[ad_1]
Euler angles represent a 3D rotation and are used in mathematics, engineering, and physics. A standard set of terms can help identify and plot angles. A coordinate system is needed to measure Euler angles, and a drawing can help clarify them. An algebraic matrix is often used to keep track of Euler angles.
An Euler angle is a term that represents a three-dimensional rotation and the three separate angles that make up the rotation. Euler angles can be applied to different aspects of mathematics, engineering and physics. They are used in the construction of devices such as airplanes and telescopes. Because of the mathematics involved, Euler angles are often represented algebraically.
Dealing with Euler angle terminology can be tricky due to widespread inconsistency in the field. One way to identify and plot angles is to use a standard set of terms for them. Traditionally, the Euler angle applied first is called the bow. The angle applied second is the trim, while the third and last angle applied is referred to as the bank.
To measure the object you also need a coordinate system for Euler angle coordinates and rotations. First, it’s important to establish the order in which the corners are combined. The order of 3-d rotations often uses an xyz representation, with each letter representing a plane. This allows for 12 different angle sequences.
Each Euler angle can be measured with respect to the ground or with respect to the object being rotated. Considering this factor, the number of possible sequences doubles to 24. When the project requires a representation in absolute coordinates, it generally makes sense to measure relative to the ground. When the activity requires calculating the dynamics of the object, each Euler angle should be measured in terms of the coordinates of the rotating object.

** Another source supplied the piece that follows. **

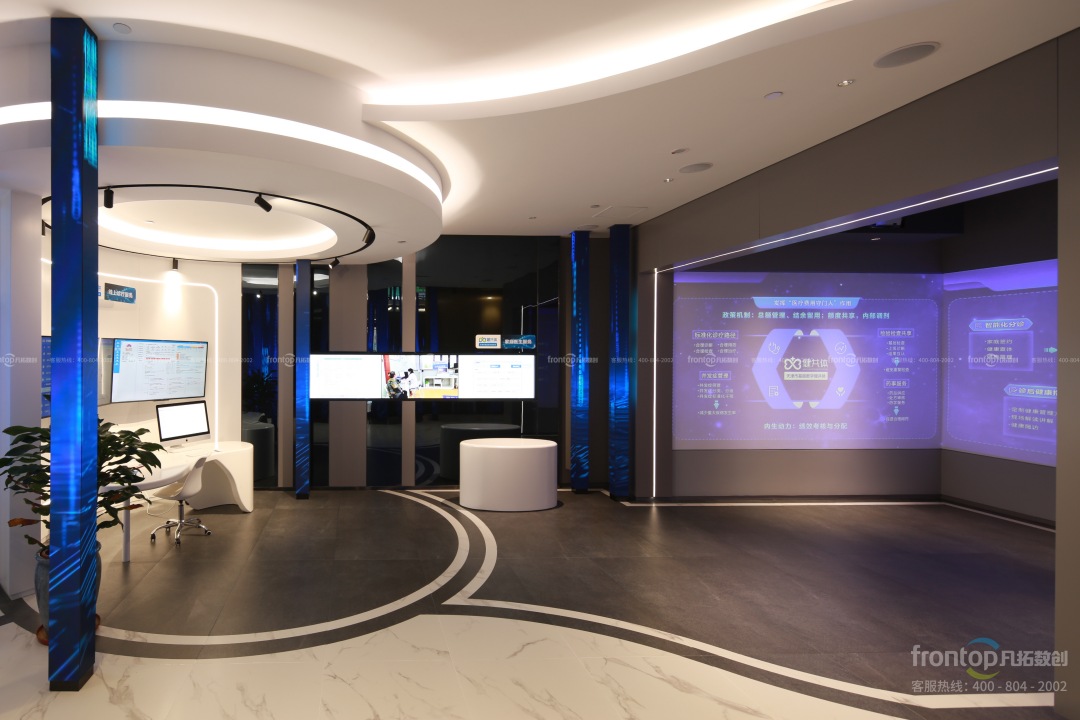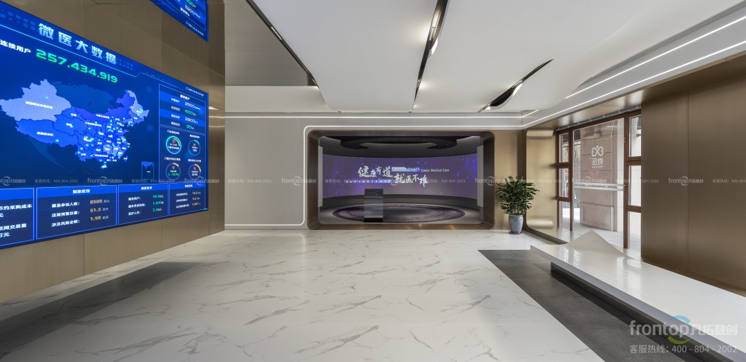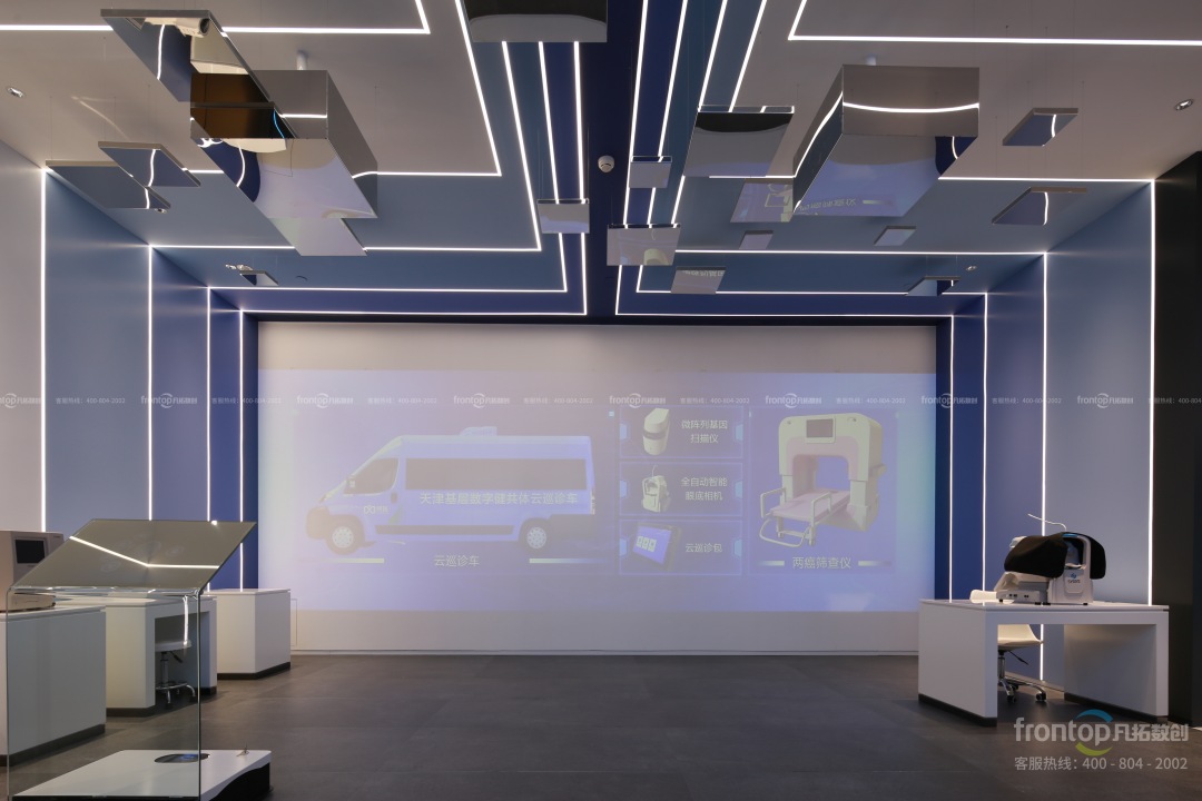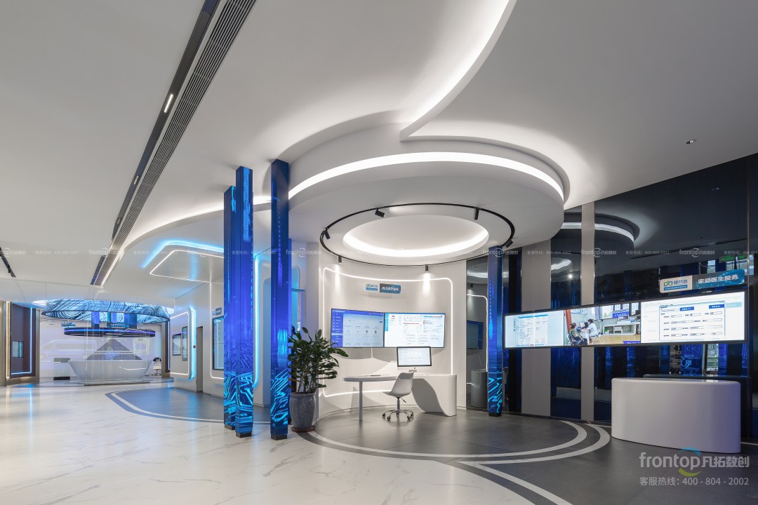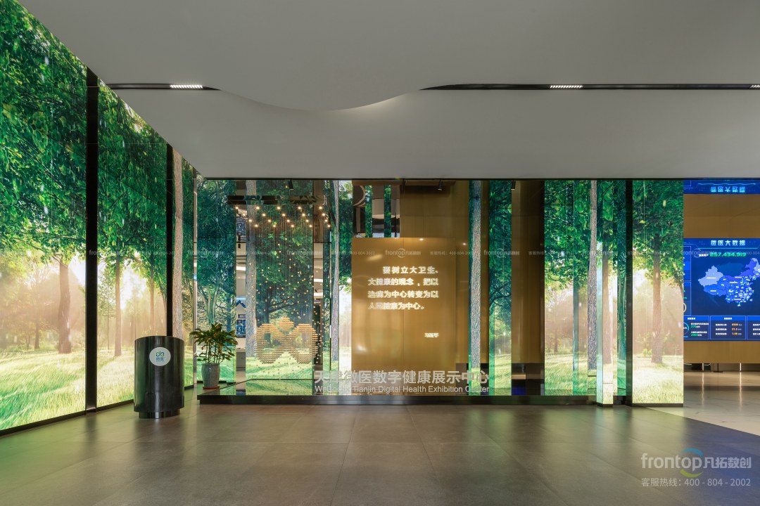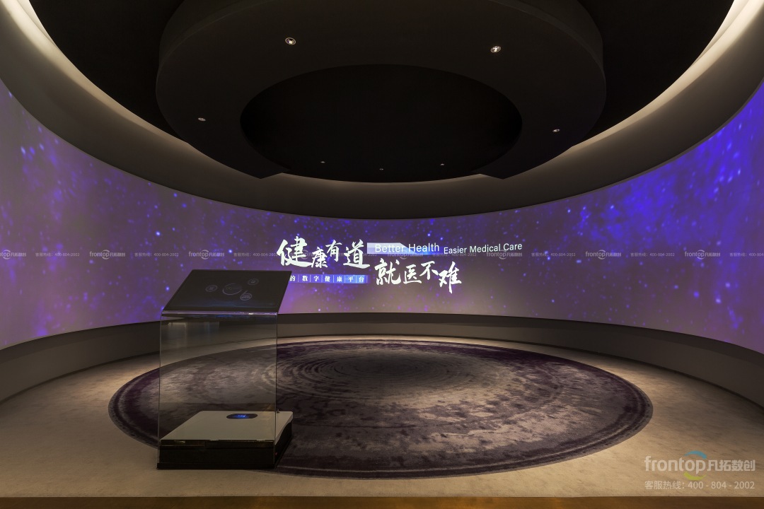 數(shù)字健康天津模式展示中心利用互動、數(shù)字化理念,踐行當代藝術(shù)設計,打造一個沉浸式體驗空間,多種互動,新媒體的展示方式,有趣,直觀地展示天津數(shù)字健康新模式。采用全息互動技術(shù)展示個人數(shù)字模式,數(shù)字魔鏡通過紅外感應、納米觸摸技術(shù),把天津健康數(shù)據(jù)展示與空間相互融合,把展示“藏”與空間中,突破屏幕的邊界,化有形與無形。

An Euler angle is usually made clearer by a drawing. This can be an easy way to flesh out corners, but it can get tricky when a second spin is started. Now a second set of three Euler angles has to be measured, and they cannot simply be added to the first set because the order of the rotations is critical. Depending on the axis on which the pivot occurs, a rotation could of course cancel out.
To keep each Euler angle and its corresponding rotations straight, an algebraic matrix is often employed. A rotation around an axis is represented by a vector in a positive direction, if the rotation has taken place in a counterclockwise direction. Taking the point where x and y cross on the graph will rotate to another point, representing a new point using sine and cosine.
In a matrix, each Euler angle is given a separate line. According to Euler’s rotation theorem, any rotation can be described in three angles. Therefore, descriptions are often listed in a rotation matrix and can be represented by numbers, such as a, b, and c, to keep them straight.